My advice, as someone who's been on both sides of the interview table; if you're going to ask candidates to do a coding challenge, make it one which:

  • They can complete to both their satisfaction and yours quickly, ideally in no more than two hours. Remember; your candidate for a senior position is probably speaking to half a dozen or more other businesses who may all be asking them to do some kind of technical test in their limited free time. Why would they want to work for you if there's another company who would take their arm off to have them, without expecting them to put in a half or full day of unpaid work just to prove themselves?

  • Is in some way related to the real products they will be working on. Get the candidate excited about who you are and what you do.

  • Has the expected inputs, outputs and desired scope clearly defined. It may be tempting to leave parts open to interpretation or the applicant's imagination to see what variety comes back to you, but the reality is this is a poor metric for quality. We don't build successful software in the real world to vague aspirations, we do it to well-documented requirements, purpose and directly measurable outcomes. If you wouldn't consider it sufficiently refined to give to a developer on the job, you shouldn't be giving it to someone applying for the job.

  • You are upfront is not expected to be feature-complete or have all parts written to real-world standards, provided the core acceptance criteria are met. You can ask them afterwards in interview to talk about how they would do the code better as a paid employee.

  • Takes place unmonitored and untimed, in the applicant's own environment, using their choice of tools and free to reference or look up anything they need to. You know, like how we build software in the real world.

Finally, the further advice I'd give businesses more broadly, particularly those who have found they're struggling to fill roles or rejecting a large percentage of applicants:

  • Don't automatically rule out a candidate only and entirely on the basis of their results in a technical quiz or code challenge. In many cases, it may turn out to be worth the half hour of your time to find out why they struggled, what they found difficult and whether if the test conditions or wording had been different, they might have had a different outcome. If the majority of candidates are failing your technical test, you need to ask yourself if there's a possibility your test is the problem.

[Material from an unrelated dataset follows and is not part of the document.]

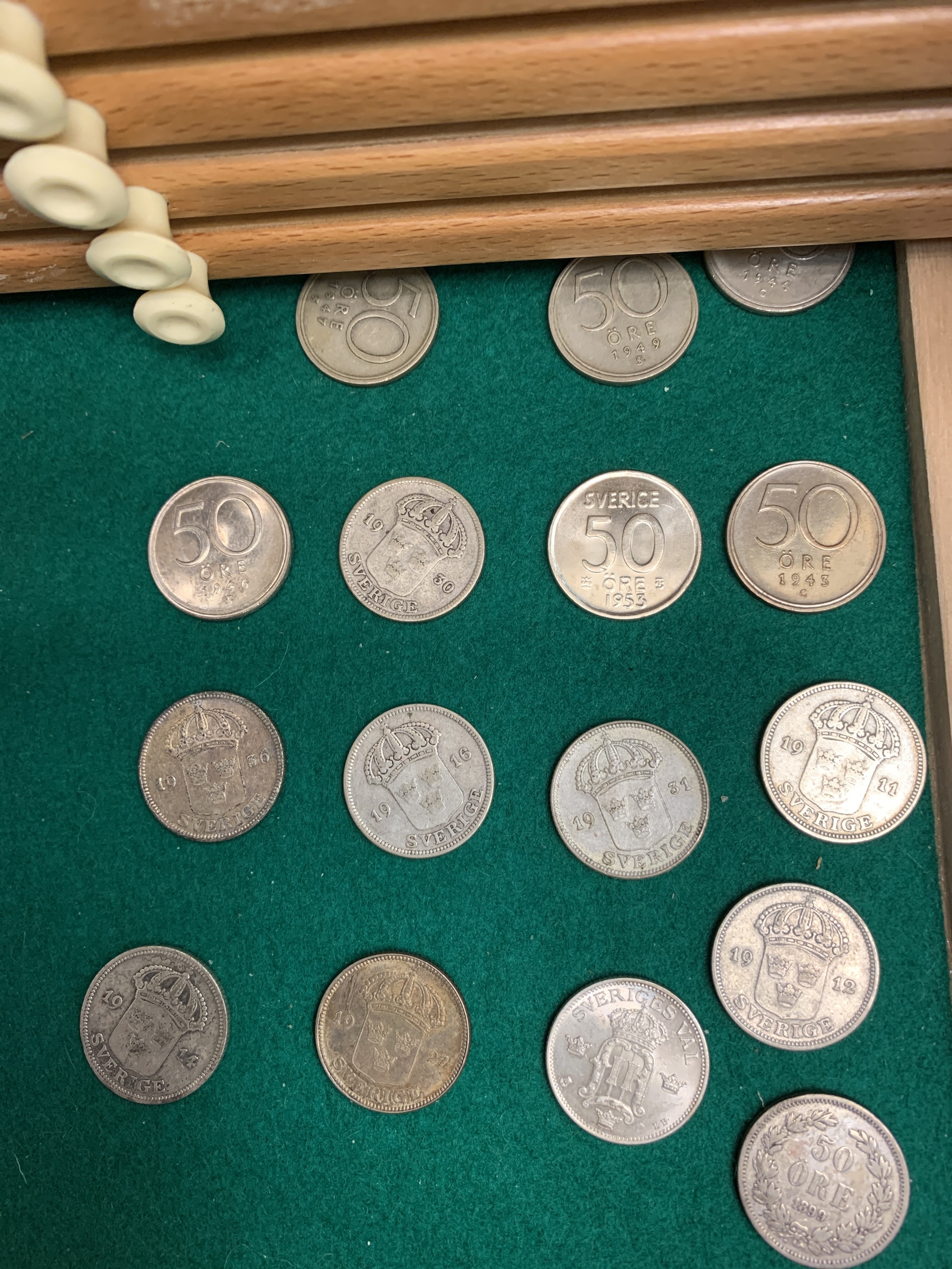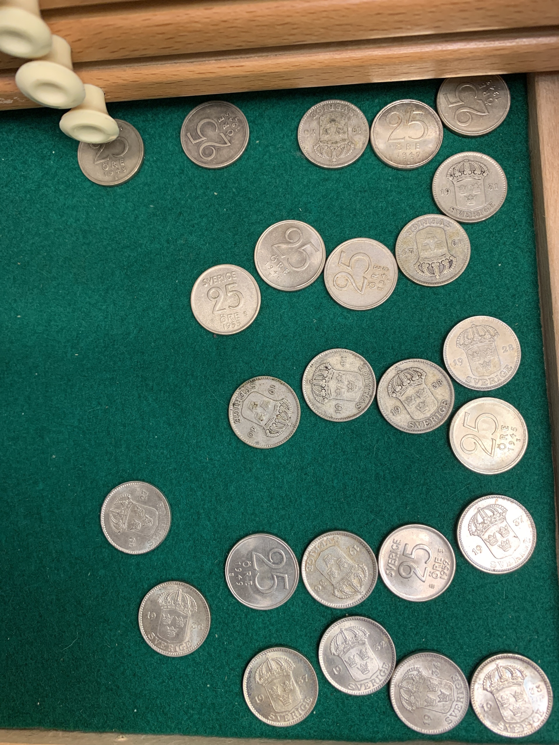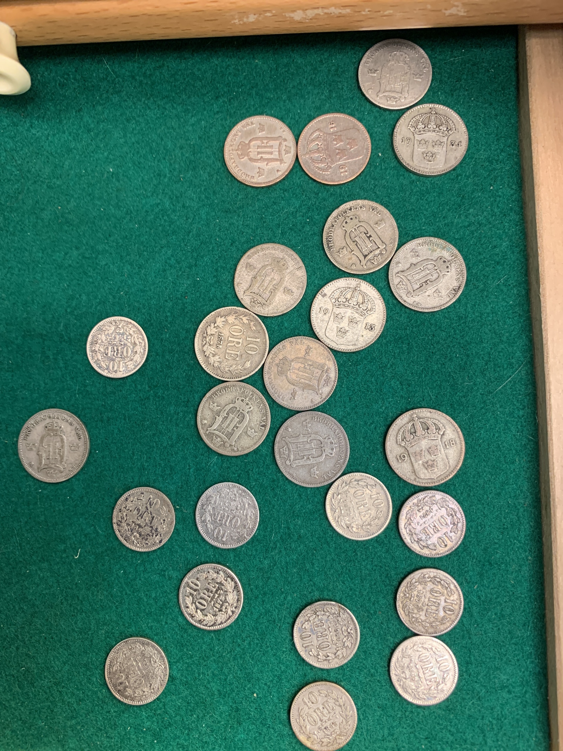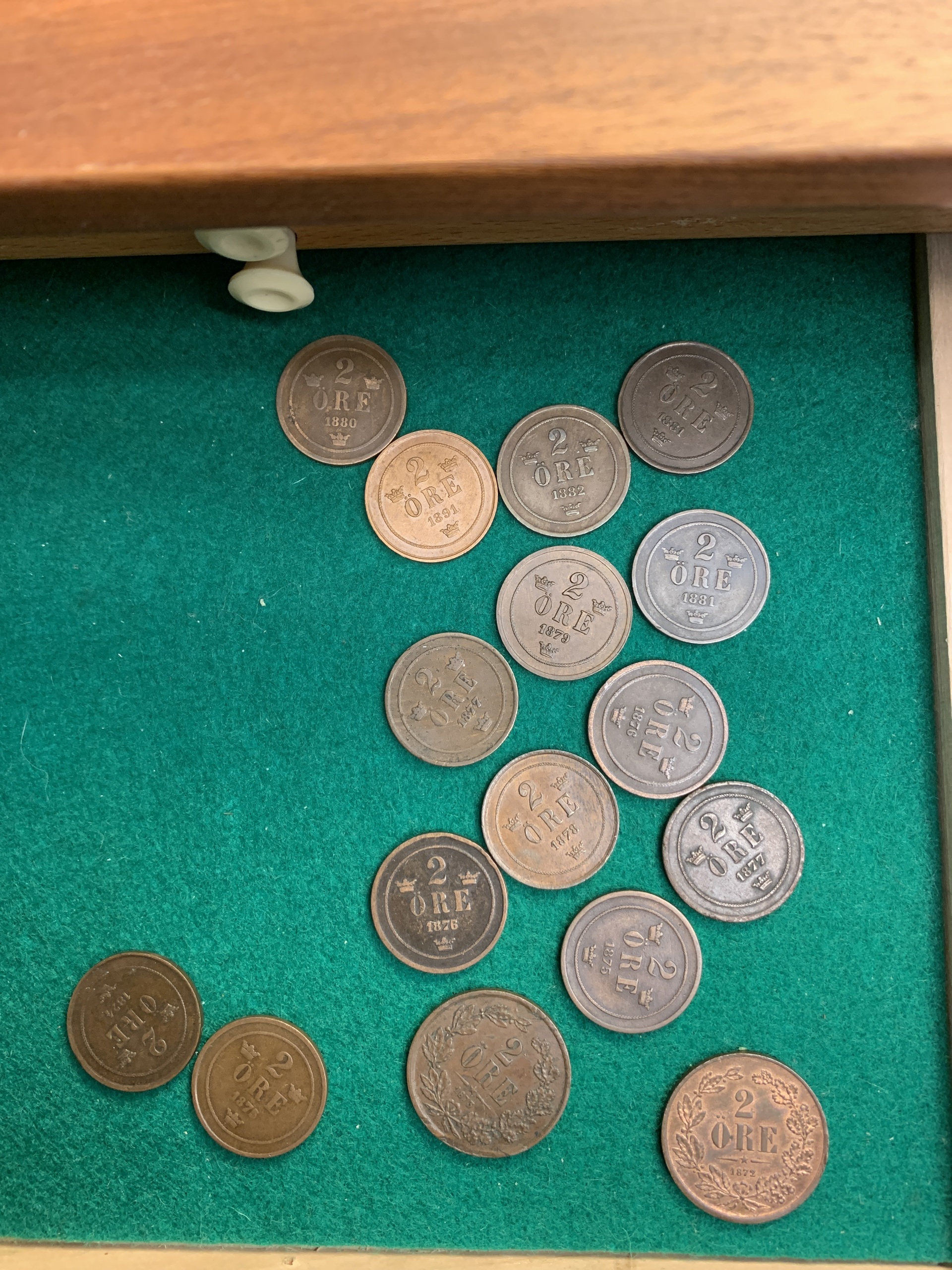Coins, Sweden. Coin cabinet in wood 'Numis original' with twelve drawers. Some good qualities included. Please see a selection of scans at www.philea.se. Please inspect! Approx. 5 kg.

  • Don't assume because a candidate does well on a technical test, can demonstrate basic syntactical awareness of a language, or pass a random pop-quiz about acronyms, this means they will be a good developer. Good technical interviews are both personal and situational. Ask the applicant about their work history, their interests, their opinion on languages, frameworks, system design, applicaton security, testing techniques etc. You'll get far more out of giving someone the opportunity to be themselves and talk freely about their passions than you will out of asking them to give a textbook definition of polymorphism.

  • If an applicant has real projects or personal code they are able to share with you, or open source contributions, allow them to present and talk about these as an alternative to completing a bespoke code sample. Not only does it save everyone valuable time, they will probably be more excited to go through something they did for a real purpose and in turn you will get a more qualitative measure of their ability to solve real problems, and a good look at what they consider to be a decent example of their coding.

Balance both sides

Hiring can be difficult. Finding a job in which you're happy and fulfilled can be difficult. I guess the conclusion for me is here is whichever side of the interview table you find yourself sitting on, be mindful that it is a two way street.

As a candidate, you do have to try to show your best and be willing to establish what you can do, why you're a valuable asset. But as an employer, don't forget, if this applicant really is a good developer, there are dozens of other businesses out there just as eager as you to get them on board and fill that vacancy. If you're putting qualified candidates through a long, multi-stage, drawn out hiring process which gives the impression you don't think their time is as valuable as yours, you might end up finding your vacancies remain open longer than you'd like.